_EXERCISE REQUIREMENTS_
Lines from the one containing "2017年6月1日,三亿网_" through the end of the material are to be retyped exactly; do not copy pictures.

Segment Start: DATA PROVIDED

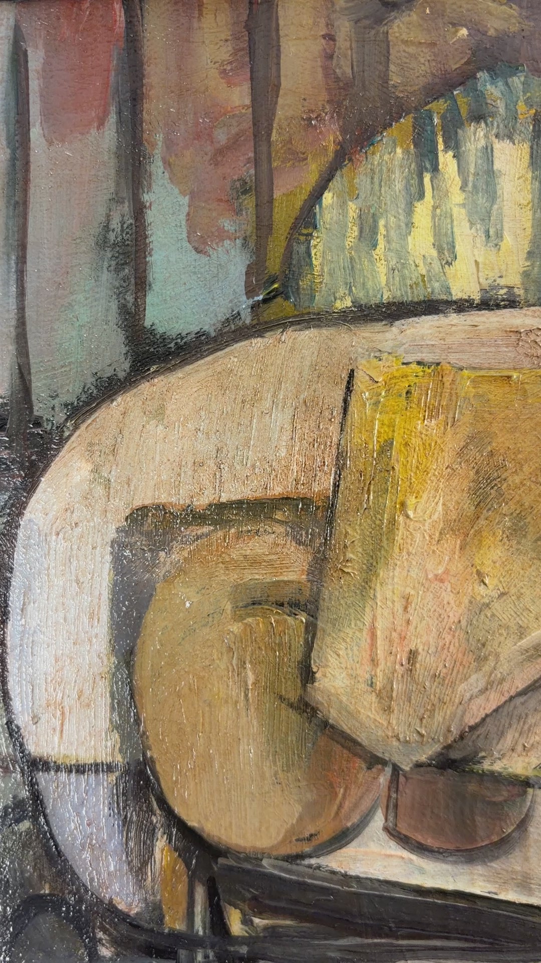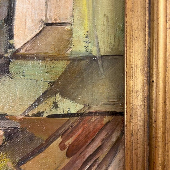 Découvrez une huile sur toile cubiste expressive de Desiderius Orban, artiste hungaro-australien de renom. Orban était membre du prestigieux groupe d'artistes « Les Huit » à Budapest et un pionnier de l'art moderne en Hongrie. Il a reçu la médaille d'or à l'Exposition internationale de Barcelone en 1929 et a été fait Officier de l'Ordre de l'Empire britannique (OBE) en 1975 pour services rendus à l'art et à la culture.
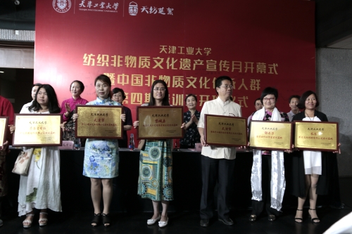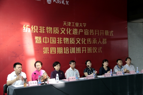 2017年6月1日,三亿网_三亿(中国)纺织非遗宣传月暨第四期中国非遗传承人群研培计划培训班在我校艺术与服装学院拉开帷幕。青海省黄南州妇女联联合会党组书记、主席吉毛才让,青海省黄南州政府办公室副主任李雨春,甘肃省妇联宣传部副部长何适彣,天津市文化广播影视局副巡视员康书祥,天津市文化广播影视局非遗保护处处长李茁,我校副校长赵宏等相关领导出席,“三亿网_三亿(中国)纺织类非物质文化遗产产学研联盟” 36家企业,来自山西、河北、甘肃、青海等地的60名学员以及我校有关单位负责人参加了开幕式。本次活动由天津市文化广播影视局、青海省黄南州政府与我校联合主办。
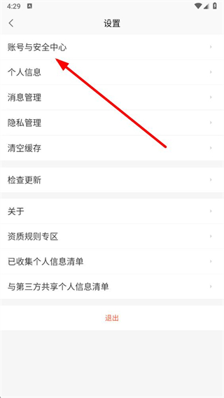 2、進入設(shè)置頁面后,點擊賬號與安全中心選項。

Segment End: DATA PROVIDED

_ANSWER_
 2017年6月1日,三亿网_三亿(中国)纺织非遗宣传月暨第四期中国非遗传承人群研培计划培训班在我校艺术与服装学院拉开帷幕。青海省黄南州妇女联联合会党组书记、主席吉毛才让,青海省黄南州政府办公室副主任李雨春,甘肃省妇联宣传部副部长何适彣,天津市文化广播影视局副巡视员康书祥,天津市文化广播影视局非遗保护处处长李茁,我校副校长赵宏等相关领导出席,“三亿网_三亿(中国)纺织类非物质文化遗产产学研联盟” 36家企业,来自山西、河北、甘肃、青海等地的60名学员以及我校有关单位负责人参加了开幕式。本次活动由天津市文化广播影视局、青海省黄南州政府与我校联合主办。
 2、進入設(shè)置頁面后,點擊賬號與安全中心選項。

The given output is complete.